Subversive Beauty
Reassessing the Surreal in 1930s American Vogue
Abstract
In the 1930s, several of Vogue’s staff photographers—Georges Hoyningen-Huené, Cecil Beaton, and Horst P. Horst—explored surrealist-influenced fashion photography in the pages of the magazine’s American, British, and French editions. Using surrealist experimental photographic techniques, they transgressed the accepted boundaries of the photographic genre and created shocking images that, for a time, called Vogue’s pursuit of elegance and refinement into question. While previous scholarship has argued that the assimilation of surrealist aesthetic devices in American fashion magazines commercialized Surrealism during the 1930s, such photographic output has yet to be assessed in relation to surrealist thought and practice.
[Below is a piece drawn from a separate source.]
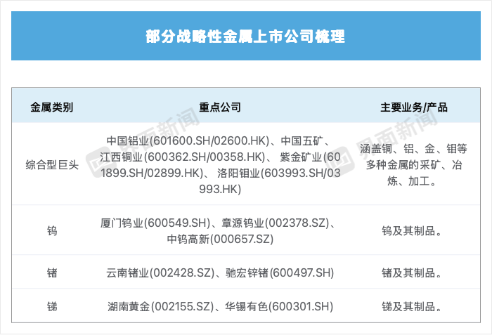 据界面新闻梳理,国内上述有色金属相关企业包括云南锗业(002428.SZ)、驰宏锌锗(600497.SH)、中国铝业(601600.SH)、厦门钨业(600549.SH)等等。
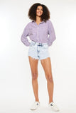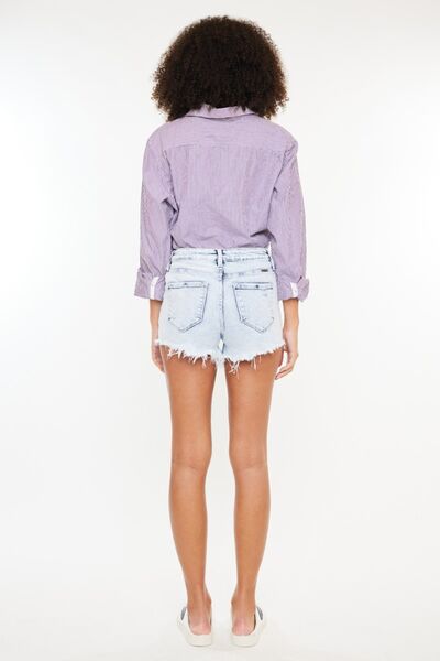 The High Rise Frayed Hem Denim Shorts are the perfect blend of trendy and versatile for your summer wardrobe. Featuring a flattering high-rise waist, these shorts offer a stylish and comfortable fit. The frayed hem adds a touch of edge and casual charm to your look. Made from quality denim fabric, these shorts are durable and perfect for everyday wear. Pair them with a simple tee for a laid-back vibe or dress them up with a blouse and sandals for a chic summer outfit. With their on-trend design and versatile styling options, the High Rise Frayed Hem Denim Shorts are a must-have for the season.

In this paper, I reassess three fashion editorials illustrated by Hoyningen-Huené, Beaton, and Horst in American Vogue and how their experimentations with lighting, unusual angles, and darkroom processes aligned with the marvelous, a key concept of surrealist photography initially pursued by surrealist artist and photographer, Man Ray. I argue that Vogue’s staff photographers did not just photograph fashion in the surrealist style to promote desire for the commercial product. Instead, they created a new visual vocabulary that, for a short period of time, challenged the commercial ethos of American Vogue’s editorial section.